- Exercise description
Excluding images, repeat the data exactly as given.

Data in this exercise START

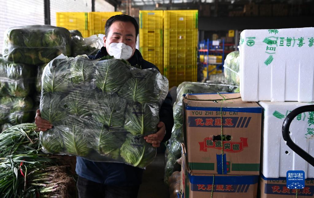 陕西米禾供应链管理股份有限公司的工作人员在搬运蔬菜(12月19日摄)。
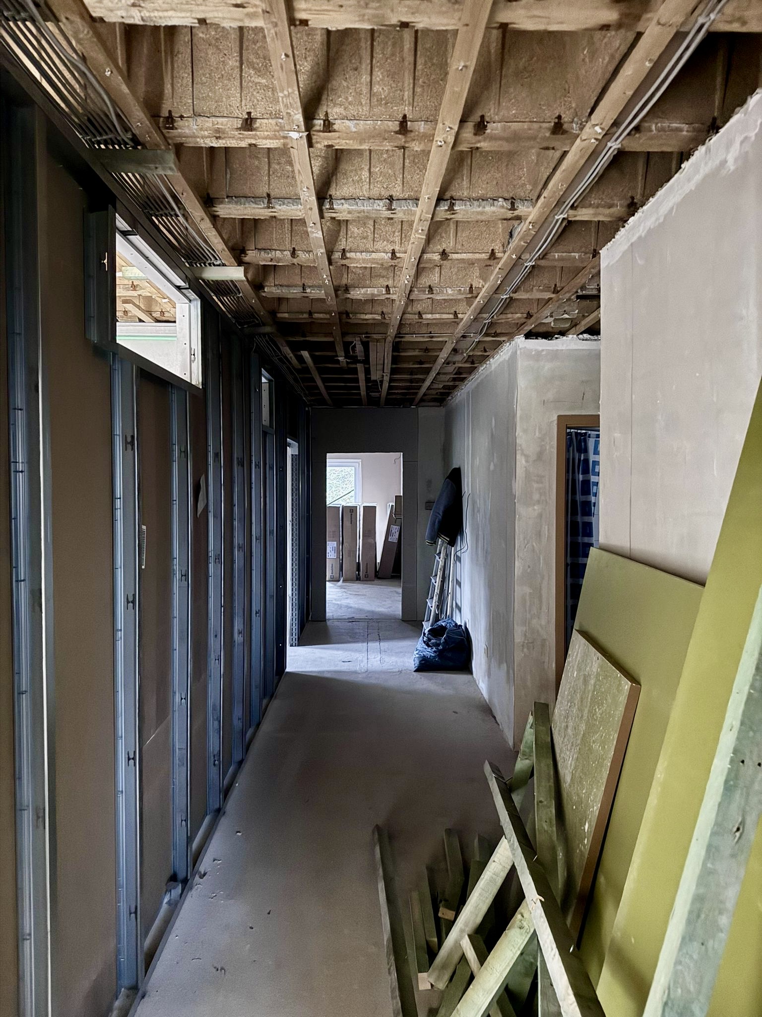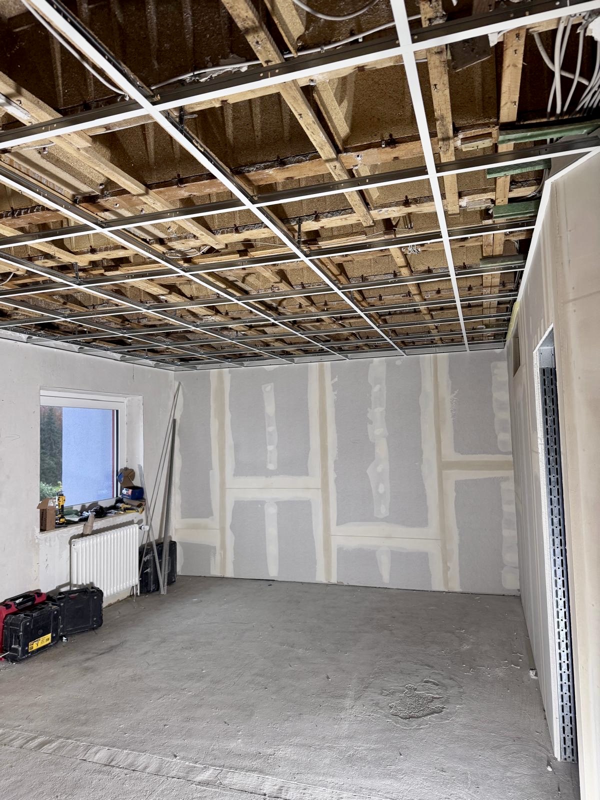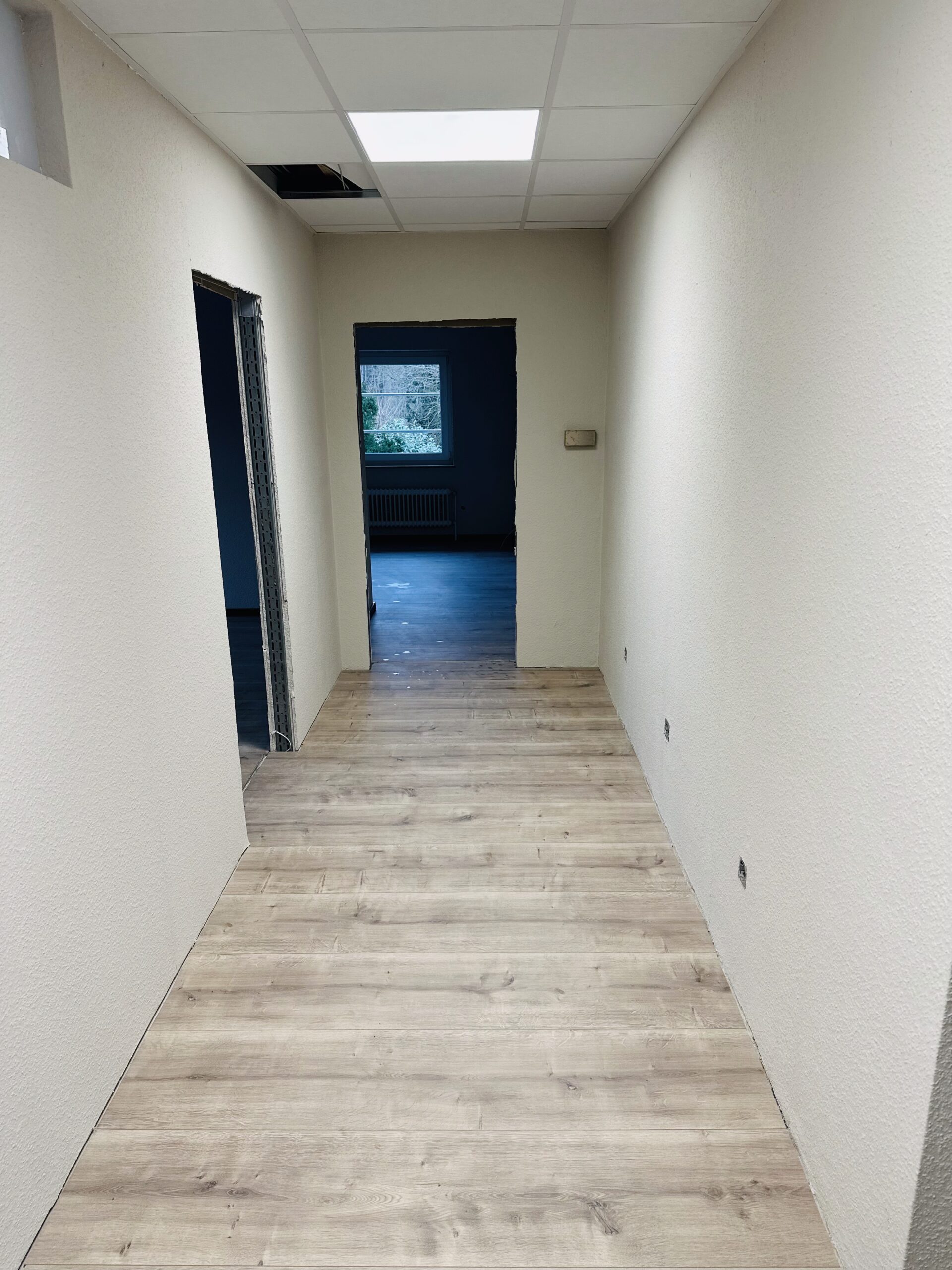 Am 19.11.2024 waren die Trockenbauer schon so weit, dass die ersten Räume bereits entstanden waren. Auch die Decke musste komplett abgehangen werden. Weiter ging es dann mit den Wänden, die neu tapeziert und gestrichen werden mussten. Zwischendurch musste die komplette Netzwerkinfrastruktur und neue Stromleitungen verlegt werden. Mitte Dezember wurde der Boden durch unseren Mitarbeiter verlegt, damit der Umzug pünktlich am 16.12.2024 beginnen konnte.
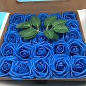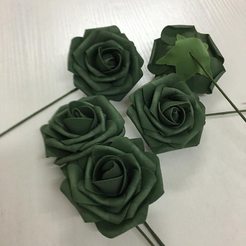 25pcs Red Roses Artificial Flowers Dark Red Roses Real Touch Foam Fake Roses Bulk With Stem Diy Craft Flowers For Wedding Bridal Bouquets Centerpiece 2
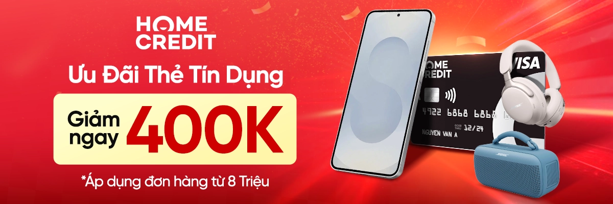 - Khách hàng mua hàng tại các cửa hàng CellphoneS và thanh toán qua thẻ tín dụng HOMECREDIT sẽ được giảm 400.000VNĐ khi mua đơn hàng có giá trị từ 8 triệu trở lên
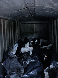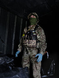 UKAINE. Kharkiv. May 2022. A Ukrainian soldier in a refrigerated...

Data in this exercise END

- Exercise response
 陕西米禾供应链管理股份有限公司的工作人员在搬运蔬菜(12月19日摄)。
 Am 19.11.2024 waren die Trockenbauer schon so weit, dass die ersten Räume bereits entstanden waren. Auch die Decke musste komplett abgehangen werden. Weiter ging es dann mit den Wänden, die neu tapeziert und gestrichen werden mussten. Zwischendurch musste die komplette Netzwerkinfrastruktur und neue Stromleitungen verlegt werden. Mitte Dezember wurde der Boden durch unseren Mitarbeiter verlegt, damit der Umzug pünktlich am 16.12.2024 beginnen konnte.
 25pcs Red Roses Artificial Flowers Dark Red Roses Real Touch Foam Fake Roses Bulk With Stem Diy Craft Flowers For Wedding Bridal Bouquets Centerpiece 2
 - Khách hàng mua hàng tại các cửa hàng CellphoneS và thanh toán qua thẻ tín dụng HOMECREDIT sẽ được giảm 400.000VNĐ khi mua đơn hàng có giá trị từ 8 triệu trở lên
 UKAINE. Kharkiv. May 2022. A Ukrainian soldier in a refrigerated...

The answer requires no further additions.